Tal ultraje habría tenido contestación, dada la impotencia de la víctima para defenderse, si no hubiera ocurrido algo que desconcertó a los tunantes. En la puerta del cuarto apareció Jusepa con cara de terror, la boca como de máscara trágica, erizadas las greñas, los ojos saliéndosele del casco, los dedos tiesos; y en cortadas frases que más bien eran ladridos roncos decía: «Al amo... daño no... al amo no...»

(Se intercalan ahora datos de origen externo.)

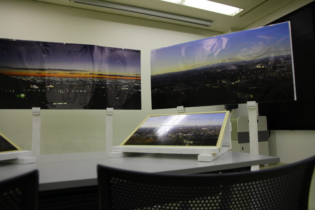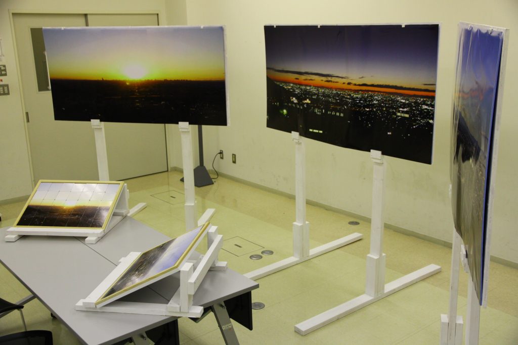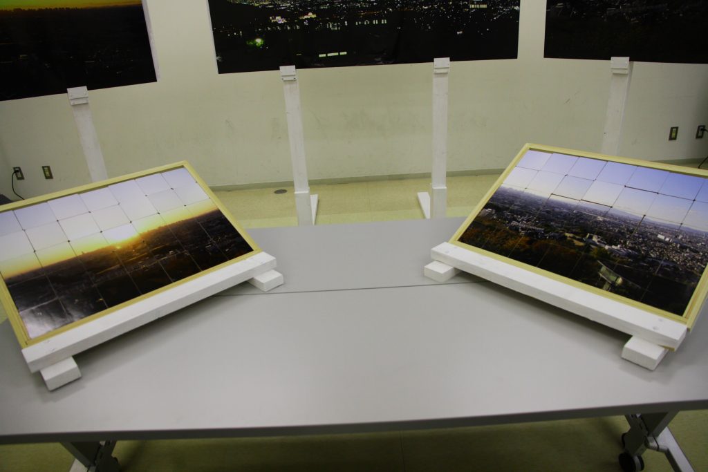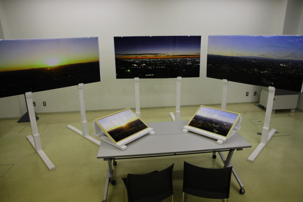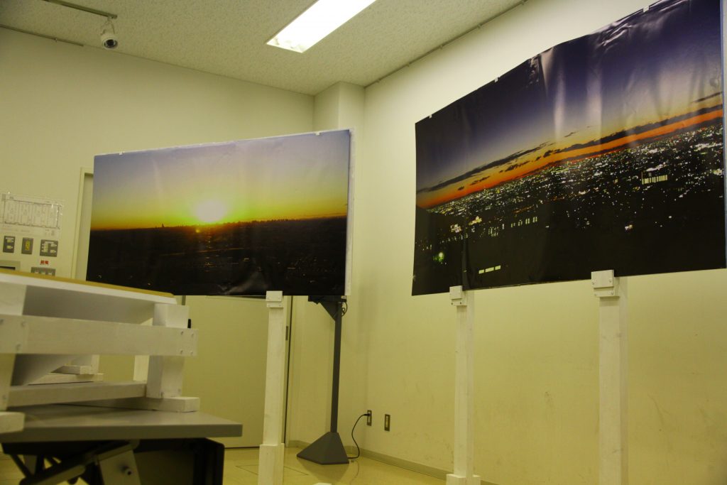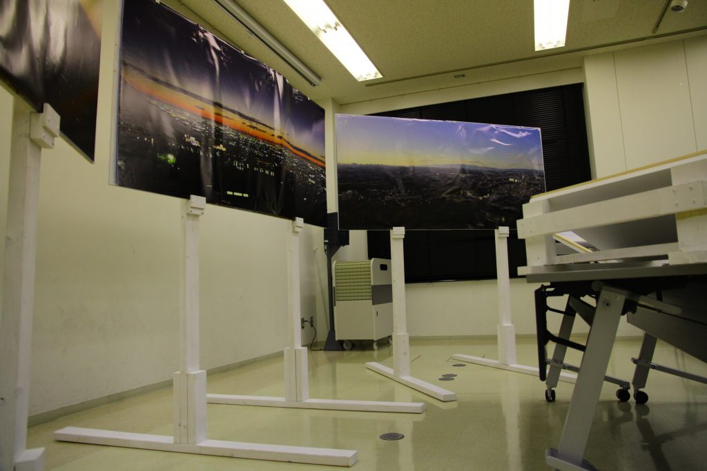 写真の展示ついて、昼夕方晩の計3枚の写真を大判印刷(180cm×90cm)その後、木材で制作した台にて展示しています。

-Esa mujer nos pierde -observó Arístides con la rápida inspiración de un general en jefe. Al instante comprendieron los otros dos el peligro que corrían, pues Jusepa se lanzó otra vez a la escalera. Faltábale aliento para chillar; pero bien se veía que su intención era salir alborotando. Poli corrió tras ella y en el tercer peldaño le echó ambas manos al pescuezo. «Si chillas, te matamos» le dijo Fausto sujetándola por los hombros. Hechos un revoltijo bajaron los tres a la cocina, tristemente alumbrada por el candil que pendía de la campana. La pobre Jusepa, clavando sus aterrados ojuelos perrunos en el guapo madrileño, pudo repetir con un resoplido su angustiada frase: «Al amo daño no».

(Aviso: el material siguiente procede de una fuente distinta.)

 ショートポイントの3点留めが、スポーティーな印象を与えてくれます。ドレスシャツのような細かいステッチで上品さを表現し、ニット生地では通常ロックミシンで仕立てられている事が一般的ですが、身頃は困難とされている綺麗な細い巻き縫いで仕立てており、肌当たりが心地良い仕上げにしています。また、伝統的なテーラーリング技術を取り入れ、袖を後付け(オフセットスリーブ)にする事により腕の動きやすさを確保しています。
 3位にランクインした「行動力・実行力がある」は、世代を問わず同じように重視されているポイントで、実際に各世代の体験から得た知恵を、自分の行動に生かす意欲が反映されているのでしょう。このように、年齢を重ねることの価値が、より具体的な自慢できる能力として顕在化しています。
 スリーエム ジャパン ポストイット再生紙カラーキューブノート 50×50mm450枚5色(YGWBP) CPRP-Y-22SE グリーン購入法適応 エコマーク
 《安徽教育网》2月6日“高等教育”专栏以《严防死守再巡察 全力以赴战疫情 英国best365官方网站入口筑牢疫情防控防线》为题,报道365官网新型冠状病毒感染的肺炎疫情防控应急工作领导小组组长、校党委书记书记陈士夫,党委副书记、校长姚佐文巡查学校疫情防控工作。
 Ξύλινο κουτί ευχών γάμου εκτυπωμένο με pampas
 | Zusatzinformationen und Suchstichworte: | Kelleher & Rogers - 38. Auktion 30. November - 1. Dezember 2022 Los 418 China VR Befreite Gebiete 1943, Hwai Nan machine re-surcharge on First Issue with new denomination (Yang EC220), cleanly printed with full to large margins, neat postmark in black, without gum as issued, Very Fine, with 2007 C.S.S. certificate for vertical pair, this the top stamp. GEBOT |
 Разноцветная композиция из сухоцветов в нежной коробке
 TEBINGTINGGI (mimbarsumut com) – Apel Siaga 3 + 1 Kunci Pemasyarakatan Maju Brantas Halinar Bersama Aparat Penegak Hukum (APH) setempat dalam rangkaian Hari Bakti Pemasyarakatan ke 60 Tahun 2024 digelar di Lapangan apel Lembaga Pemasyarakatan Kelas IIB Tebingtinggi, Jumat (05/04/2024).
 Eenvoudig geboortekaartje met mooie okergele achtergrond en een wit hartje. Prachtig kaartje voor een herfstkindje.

-A callar -dijo Poli con mugido fiero, atenazando el cuello de la pobre mujer entre sus manos. Jusepa cayó contra la mesa... y sus dedos rígidos se engarzaron inútilmente en la pechera y solapas del que para ella era don Álvaro. La mirada de interrogación suplicante que le echó no pudo ser entendida por aquel bárbaro ciego. A las manos de Poli uniéronse pronto las de Fausto en la garganta y cogote de la loba infeliz, que agarrotada vomitó su propia lengua, y sus ojos se salieron del casco, fijos en su principal verdugo, quien no acertó a ver en aquella mirada última la estupefacción del amor al sentirse inmolado y vendido. No era bastante, y Fausto le echó al cuello una delgada y fuerte cuerda del repuesto que en la cintura traía. Tiraron, y arrastrando el cuerpo de la villana hasta un ángulo de la cocina, dejáronlo allí, seguros de que ya no cantaría.

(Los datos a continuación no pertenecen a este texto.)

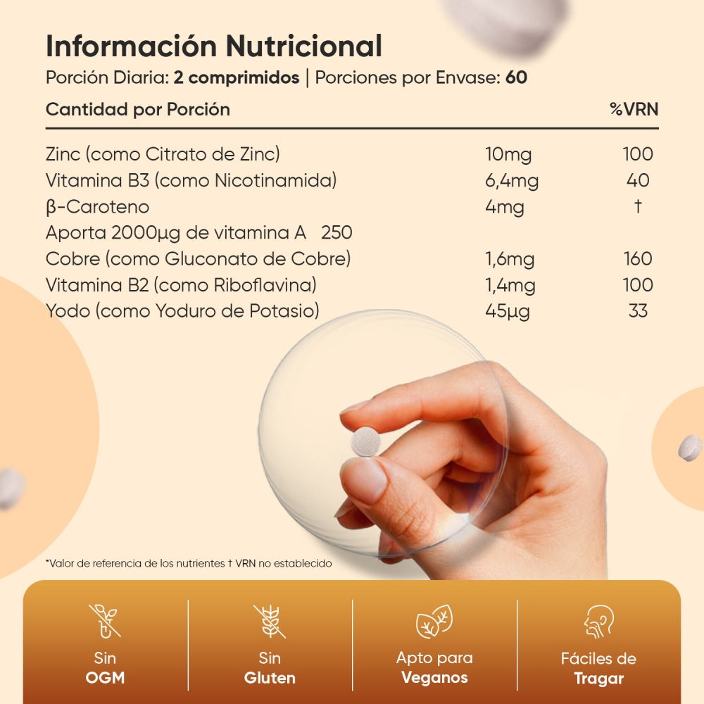 Zinc (como Citrato de Zinc), Vitamina B3 (como Nicotinamida), β-Caroteno: Proporcionando Vitamina A (como Acetato de Retinilo), Cobre (como Gluconato de Cobre), Vitamina B2 (como Riboflavina), Yodo (como Yoduro de Potasio), Agentes de Carga: Fosfato Dicálcico y Celulosa Microcristalina, Agentes Aglutinantes: Sales Magnésicas de Ácidos Grasos (E 470 b) y Dióxido de Silicio.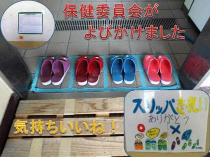 高学年の保健委員会でトイレのスリッパを気持ちよく使おうと全校に呼びかけてくれました。それに応えて全校のみんなが気をつけて,次に使う人のことを考えてくれるようになっていました。毎日,そうありたいですね。「いいぞ しもとばっ子!!」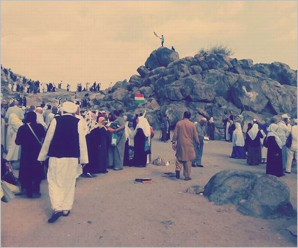 Arafat dağının zirvesinde umre ziyareti için gelen
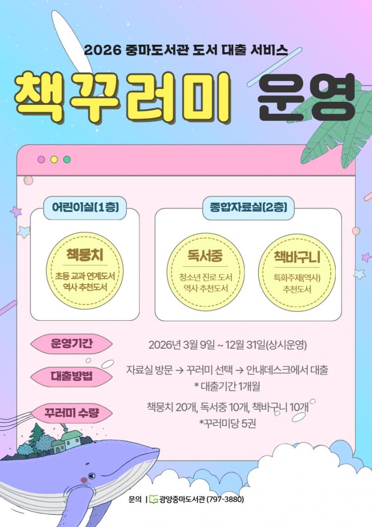 ±¤¾çÁ߸¶µµ¼°üÀÌ ½Ã¹Î µ¶¼È°µ¿ Áö¿ø°ú Áö¿ª»çȸ µ¶¼¹®È È®»êÀ» À§ÇØ Áö³ÇØ¿¡ ÀÌ¾î ¡®¸ÂÃãÇü Ã¥ ²Ù·¯¹Ì¡¯ ¼ºñ½º¸¦ ¿î¿µÇÑ´Ù.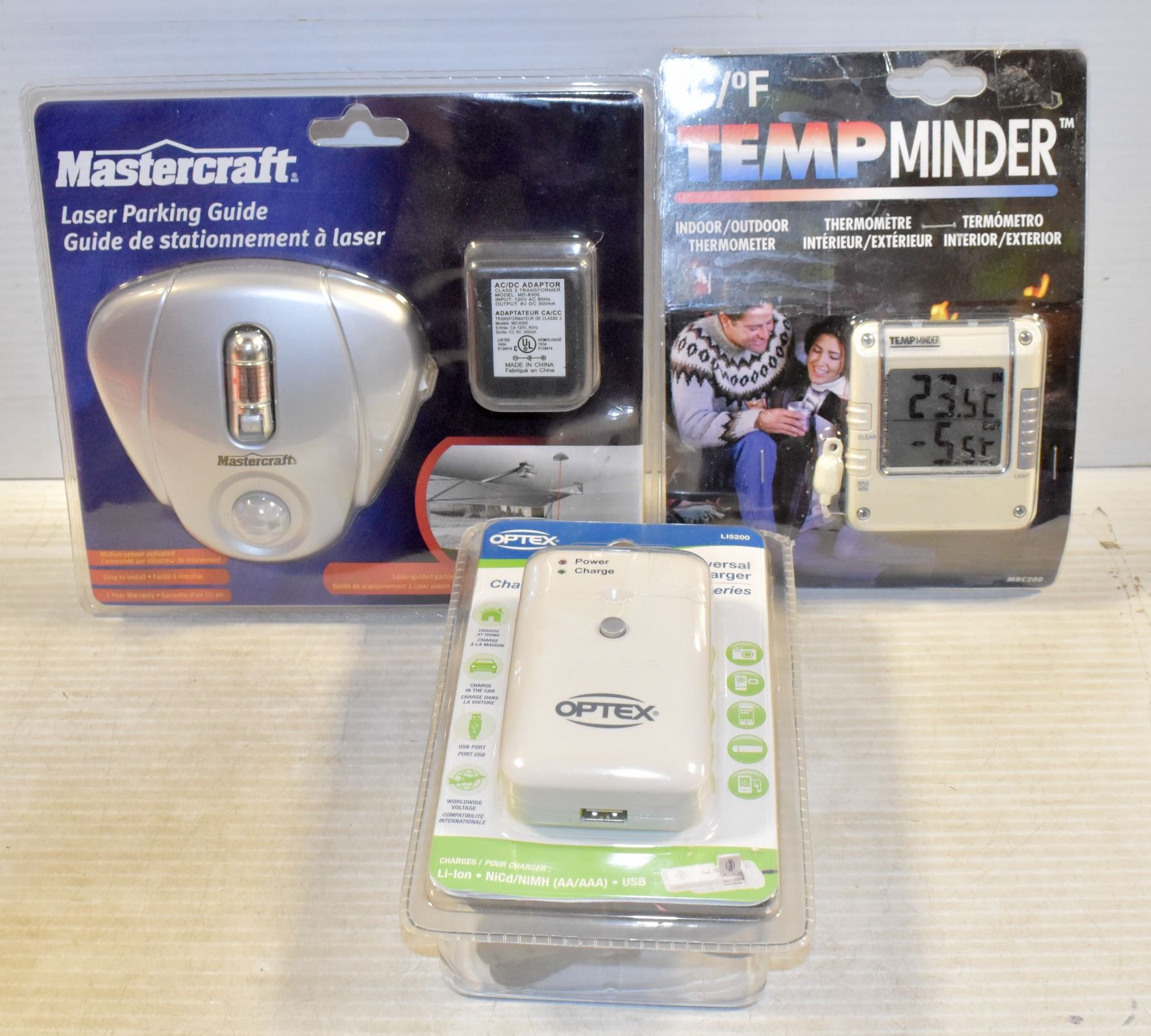 BATTERY CHARGER #L15200, MASTERCRAFT LASER PARKING GUIDE & TEMPMINDER THERMOMETER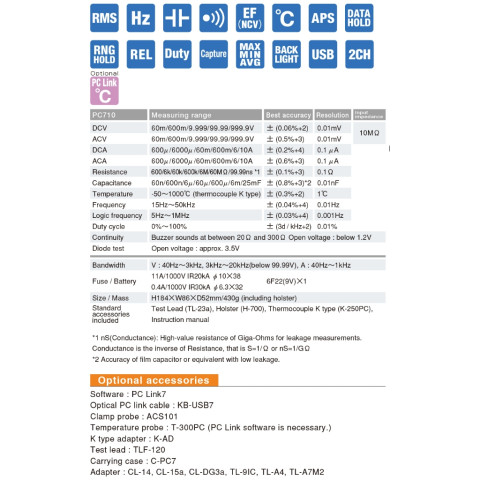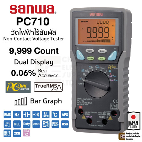 Sanwa PC710 ดิจิตอลมัลติมิเตอร์ True RMS (PC-Link) วัดไฟฟ้าไร้สัมผัส NCV มัลติมิเตอร์เกรดมืออาชีพที่โดดเด่นด้วยความแม่นยำสูงสุด 0.06% และความละเอียดการแสดงผล 9,999 Count เหมาะทั้งงานซ่อมบำรุง งานอุตสาหกรรม งานอิเล็กทรอนิกส์ และงานวัดที่ต้องการความเชื่อถือได้ พร้อมฟังก์ชัน Dual Display ดูค่าได้มากกว่า 1 อย่างในหน้าจอเดียว และรองรับการเชื่อมต่อคอมพิวเตอร์ผ่านระบบ PC-Link (อุปกรณ์/ซอฟต์แวร์บางรายการเป็นออปชัน)

Arístides, cuyo afeminado temperamento no se avenía con las emociones de escena tan brutal y repugnante, abrió cauteloso la puerta de la cocina, reconociendo el campo para la retirada... Serena era la noche y obscura, pues la luna no había salido aún, y las estrellas apenas brillaban sobre el cielo brumoso. La Naturaleza les favorecía para la fuga, y sin necesidad de concertarse, deslizáronse fuera los malhechores, después de matar la agonizante luz del candil. El instinto les guiaba. La excitación de la pasada tragedia y el sentimiento del peligro que corrían, dieron a los tres ojos de lince y flexibilidades felinas. Junto a los cipreses y dirigidos por Poli, que ya había estudiado el terreno adyacente, saltaron la tapia que les separaba del campo propiamente cigarralesco, y por entre las sombras de los olivos y albaricoqueros fueron en demanda de la cerca exterior de la finca. Al saltarla, sintieron ladrar un perro del lado de Turleque, opuesto a la dirección que llevaban. Apresuráronse por lo que pudiera tronar, y a los pocos minutos sólo Dios sabía por dónde andaban los audaces asaltadores de Guadalupe.